IO Biotech | Capitalizing on Breakthrough Approval

IO Biotech is a leading name in cancer vaccines and immunotherapies. They approached LifeSci Search after several years of promising work with their proprietary dual-action platform, T-win, which allows their vaccines to activate T cells to target both cancer cells and the immunosuppressive tumor microenvironment. The company was in Phase I clinical trials for two extremely promising therapeutics, IO102 and IO103, and had just been granted breakthrough therapy approval by the FDA. They needed an exceptional Chief Scientific Officer to guide the company through subsequent phases.

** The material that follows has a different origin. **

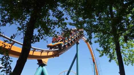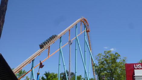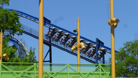 Anders als die Universial Studios oder Disney Land handelt es sich bei dieser Kette um wirklich reine Achterbahnparks, d.h., dass hier einfach auf Geschichten verzichtet wird und die rides im Vordergrund stehen. Und die waren wirklich super, denn ihr wisst ja, wie sehr ich auf Achterbahnen stehe :-)). Schade ist immer nur, dass einem recht schnell die Lust vergeht, wenn man überall lange warten muss und so haben auch wir, Terez und ich, zwischen 10 und halb 6 nur 4 Achterbahnen geschafft. Denn nach 2 kurzen Schlangen haben wir uns für die letzten beiden Bahnen 2,5 und 1,5 Stunden die Beine in den Bauch gestanden. Aber das wars wirklich wert, denn hier gibt es nicht nur die faden traditionellen Achterbahnen, sondern jede versucht durch "Kleinigkeiten" anders zu sein. Und so gibt es Holzbahnen, oben und unten geführte Bahnen, Steh- und Fliegbahnen, ... Hier jedenfalls ein paar Eindrücke von gaaaaaaanz viel Adrenalin :-)).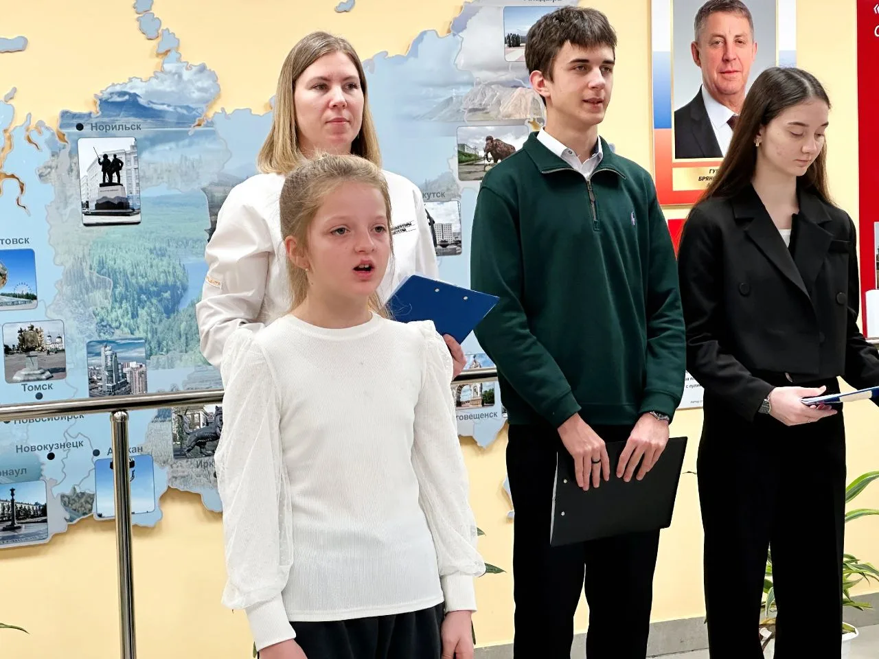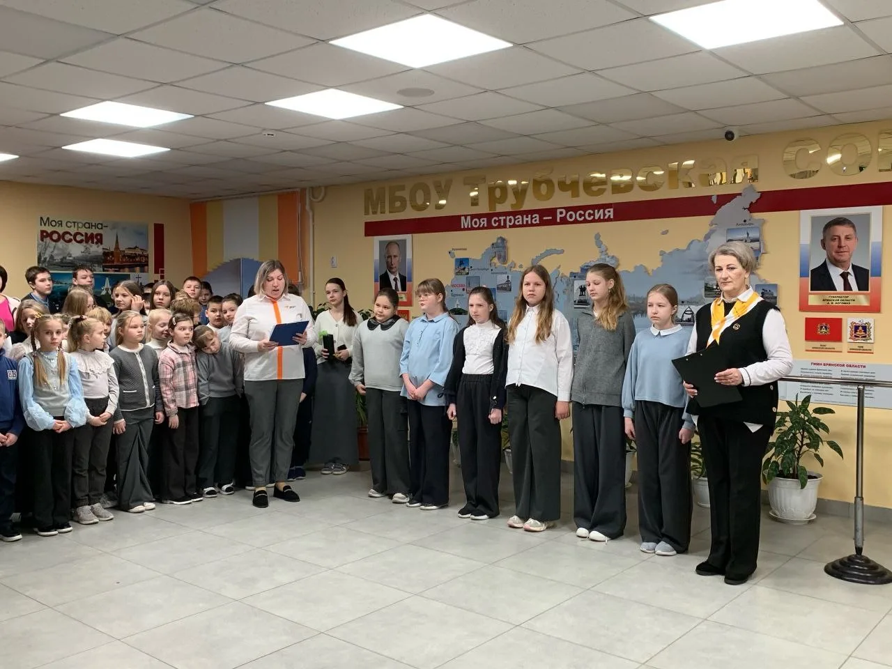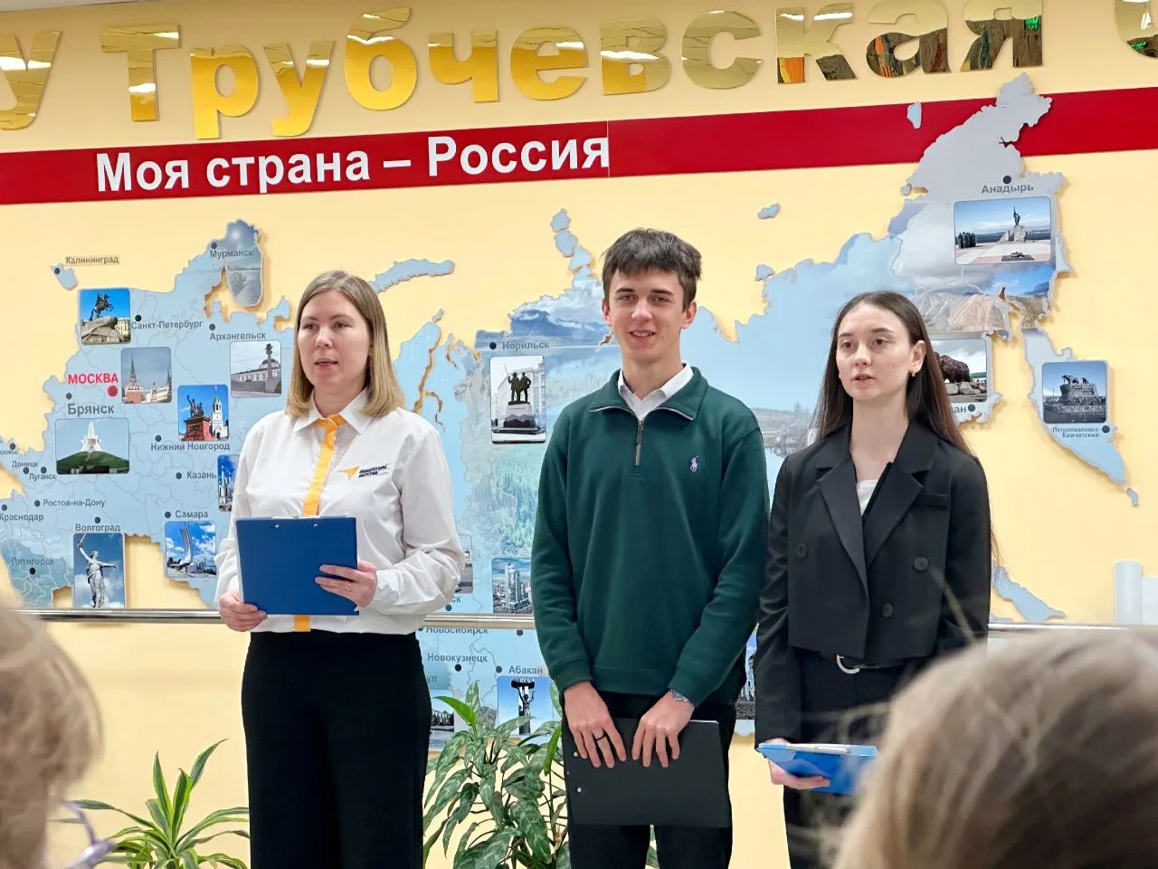 Паспорта, Конституцию РФ, а также фирменные обложки и значки Движения Первых, в торжественной обстановке ребятам вручили: глава Трубчевского района Василий Васильевич Евсеев, глава города Трубчевска Николай Иванович Данченко и инспектор отделения по вопросам миграции МО МВД России «Трубчевский», старший лейтенант полиции Анна Григорьевна Боронина.

Their CSO required both expansive clinical experience in immuno-oncology and familiarity with US investors to support the Europe-based leadership team.  

The Approach

Our team began by working alongside IO Biotech to develop and validate a go-to-market message. From there, we moved to create a complete market map of qualified scientific leaders based in the US, leveraging LifeSci’s expansive KOL network and our analysts’ knowledge of the immuno-oncology companies they had previously worked with. We were able to contact over 150 sources in the IO space, and to generate a thorough list of candidates with the required qualifications. From there, based on executive experience and preliminary contact, we presented four candidates to IO Biotech for formal review. 

The Outcome

We successfully placed Muhammad Al-Hajj as CSO, on the strength of twelve years of executive leadership in IO discovery and clinical development. He came to the role from Autolus, where he had served as Senior VP for Translational Sciences and overseen the development of next-generation CAR-T cell therapeutics. Prior positions included VP of Drug Discovery and Translational Medicine at the Sanford Burnham Institute, an NIH-designated cancer center, and Senior Director of Biology and Translational Medicine at GSK, leading oncology R&D. With his leadership, IO Biotech has begun clinical trials for a larger range of solid tumors, completed an extremely successful phase II trial with metastatic melanoma, and went public on November 18, 2021. Simultaneously, we have worked with IO Biotech to place a number of other senior leaders: Peggy Siemon-Hryczyk as SVP for Clinical Operations US, Diane McDowell as SVP for Medical Affairs and Clinical Development, and Daniel Mannix as Executive Director for Regulatory Affairs.